A developer is suing Nevada’s Division of Water Resources after the state again denied plans to construct new homes at Coyote Springs, the latest setback in a decades-long effort to build a sprawling master-planned community about 50 miles north of Las Vegas. 

Coyote Springs Investment, the company behind the proposed Coyote Springs master-planned community, alleges that state officials made a series of decisions that amount to an “unconstitutional taking” of the water rights it owns and planned to use.

The complaint, filed Friday in Clark County District Court, comes amid existing litigation over an administrative ruling by State Engineer Tim Wilson, who leads the division as Nevada’s top water official. 

That ruling, issued in June, declared a limit on groundwater pumping across a roughly 50,000 square-mile area in Southern Nevada that includes Coyote Springs. Several water users in the area, including Coyote Springs, are challenging the order in court.

Wilson ruled that using groundwater in excess of the cap could eventually dry up critical springs that serve as habitat for the endangered Moapa dace and the headwaters of the Muddy River, which flows into Lake Mead and helps bolster Southern Nevada’s Colorado River water supply.

The order set the cap at 8,000 acre-feet, a unit that describes the amount of water needed to fill an acre of land to a depth of one foot. But past state officials, over the last century, have awarded various businesses, landowners and governmental entities, from NV Energy to the Moapa Valley Water District, rights to use nearly five times that amount of water.

It means the area is over-appropriated: There are more rights to water on paper than there is water to go around. And that dynamic has created uncertainty around how to move forward. 

In addition, Wilson’s order approved managing the area as a regional unit, moving away from the state’s traditional approach for managing water. Many hydrologists argue that this regional approach better reflects modern science, but it could change what entities have priority rights to water.
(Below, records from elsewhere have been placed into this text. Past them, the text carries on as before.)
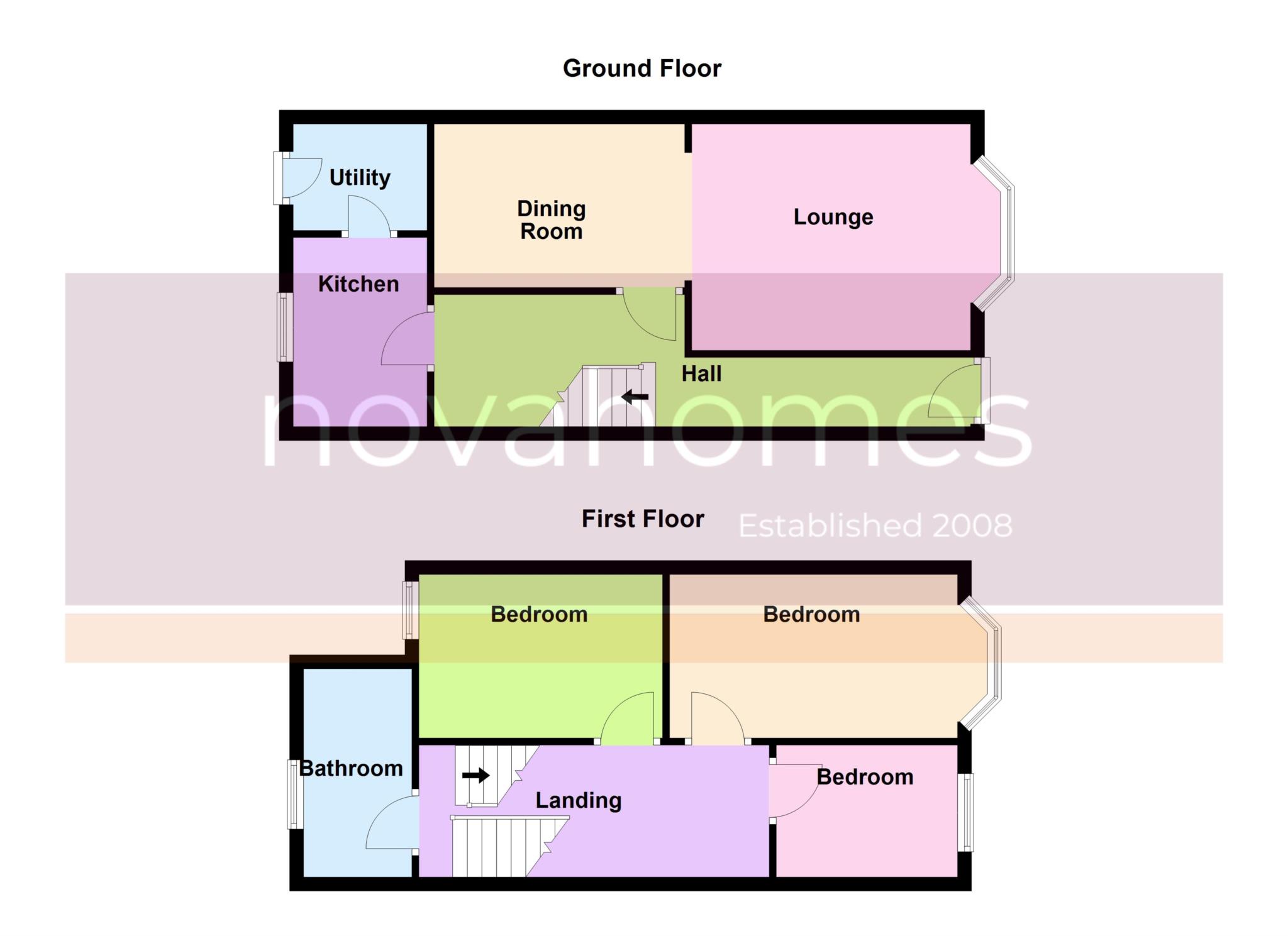 Internally, the layout comprises a bright lounge with bay window that flows through to a formal dining room complete with built-in shelving and a stone-effect fireplace. To the rear, a kitchen and separate utility space offer access to the garden and could easily be reconfigured to suit modern lifestyles. Upstairs, there are three well-proportioned bedrooms and a spacious family bathroom, all requiring cosmetic updating.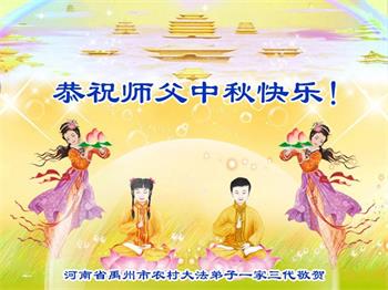 师尊您好!我们是96年得法的大法弟子,风雨中有师尊的慈悲护佑与不离不弃才走到今天。师恩浩荡,难以回报。我们一定精進实修,做好三件事,兑现誓约,跟师父回家。 河南大法弟子携家人恭祝师尊中秋节快乐!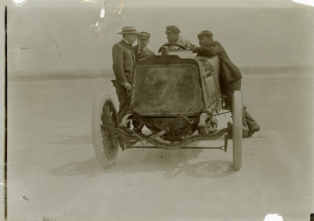 View of A.L. Campbell in Darracq car during the 1905 Cape May Beach races in Cape May, New Jersey. Three men stand next to car. Man on left, wearing a straw hat, is Gaston Plaintiff, Ford New York Branch manager. Stamped on back: "Photo by F. Ed. Spooner, 1536 B'way, telephone 6536-38th St., New York, N.Y." Handwritten on back: "A.L. Campbell, Darracq."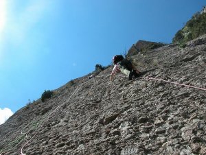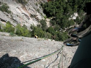 Nos acercamos a la via... hay unas cuantas cordadas subiendo.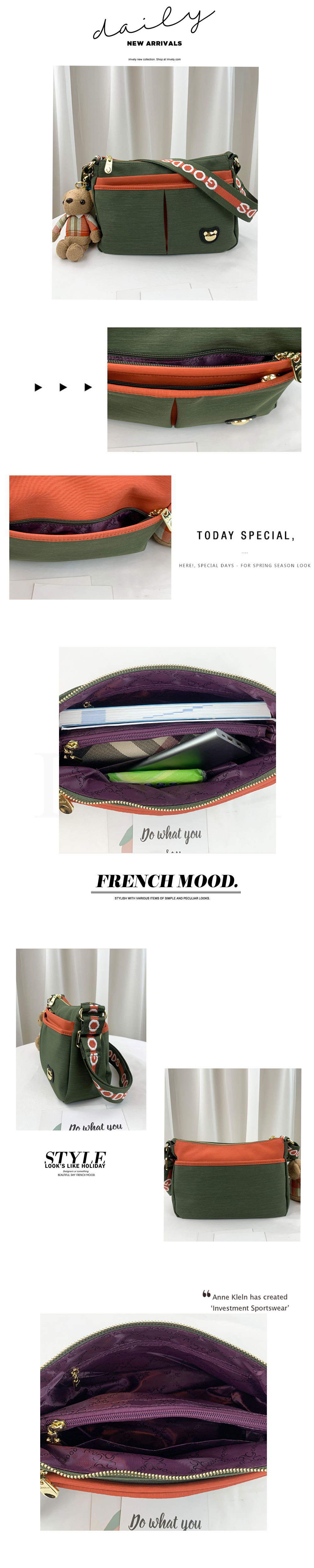 GOODS 橘綠拼色 防潑水側背包 附小熊吊飾 #2746

Typically, those with the oldest rights to water get their water first in times of scarcity.

Coyote Springs argues that the state’s ruling, and decision-making pattern proceeding it, constitutes inverse condemnation, where a governmental entity takes private property without paying just compensation. The developer argues that the state changed the rules of the game, even after it spent more than $200 million in infrastructure, often with the approvals of state officials.
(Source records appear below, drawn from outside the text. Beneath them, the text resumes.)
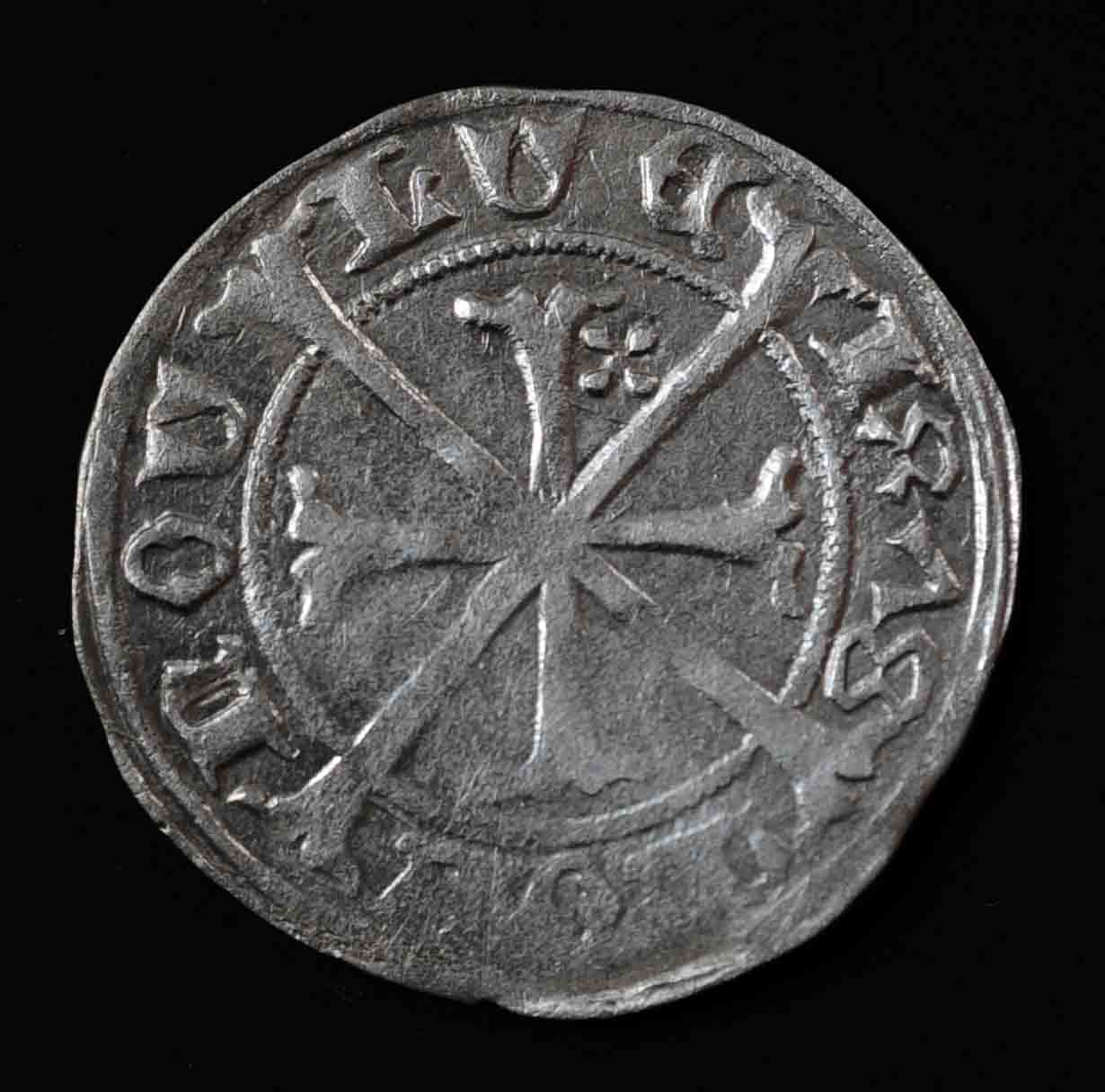 Es waren auch noch ein Sigmund Etschkreuzer CNA J 45 (W3) und 4 Pfennige im Spät-MA-Münzbeutel.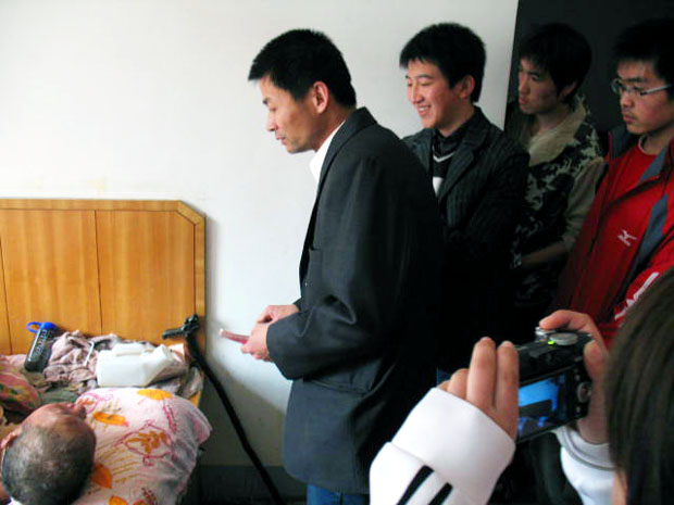 73岁的靳元财和他的智障老伴没儿没女,相依为命,只能靠政府救济过活。现在,他身患尿毒症卧床不起,视力也在急剧下降,使得原本贫困的家庭更是雪上加霜。当朱守先老师把1200元钱捐款交到老人手中的时候,老人激动的热泪盈眶不知道说什么才好。朱老师向靳元财老人献上了深深地祝福,祝愿老人家早日康复,并且许诺还会去看望他们。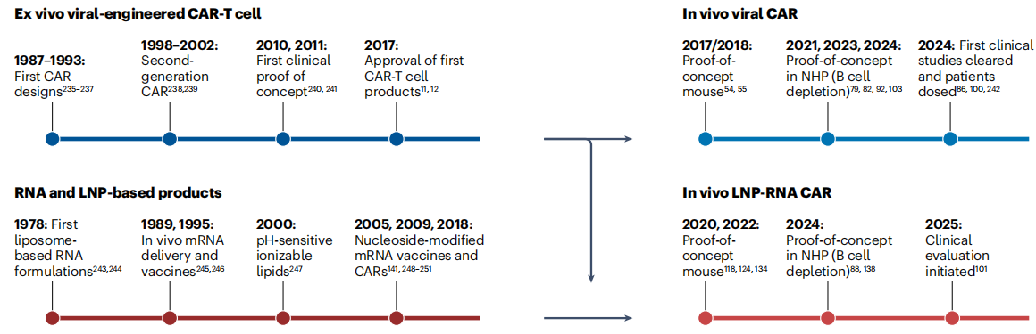 体内CAR-T疗法的诞生,是纳米技术、RNA药物、病毒学与CAR技术交叉融合的结果。这一领域的发展,大致可分为三个阶段:实验室突破、产业布局、临床转化,每一个阶段都伴随着关键技术的革新。

A lawyer for the developer wrote in the complaint that the state’s actions have “had a massive, [devastating] and continuing economic impact” depriving Coyote Springs from using its property. 

Steven Silva, an eminent domain lawyer for landowners and agencies, said, in general, that it’s possible for inverse condemnation cases to prevail. But the landowner has the burden of proof and must satisfy six elements set out by the Nevada Supreme Court.

“It's difficult to prove, and it's not a commentary on the underlying facts,” said Silva, who is also a property law instructor at Truckee Meadows Community College. 

Although the complaint is aimed at the state, Coyote Springs included language to potentially add defendants that “may have conspired with the State and/or participated in the wrongful events and happenings and proximately caused the injuries and damages herein alleged.”

The litigation marks the second time Coyote Springs has sued the state over the past two years. In 2018, Coyote Springs filed a complaint after the state engineer said he was not planning to approve subdivision maps for new homes because of the uncertainty around water availability. 

That same year, Coyote Springs sued the Las Vegas Valley Water District. 

Through what is known as a General Improvement District, the water district would serve as the purveyor for Coyote Springs. But since 2017, the water district has repeatedly raised concerns that there is not enough groundwater available in the area to support homes at Coyote Springs.

In the case against the state, the water district was brought in as a participant.

The state lawsuit resulted in a settlement agreement and eventually the conditional approval of subdivision maps. But the state still had not given its final approval to build new homes, delays that Coyote Springs describes as “unreasonable.” On June 17, two days after Wilson’s ruling was issued, the state recommended denial of the conditionally approved maps over water quantity concerns.

That action prompted the renewed litigation.

The state engineer’s office declined to comment. But in the past, state officials have said that there has long been uncertainty about water availability where Coyote Springs wants to build.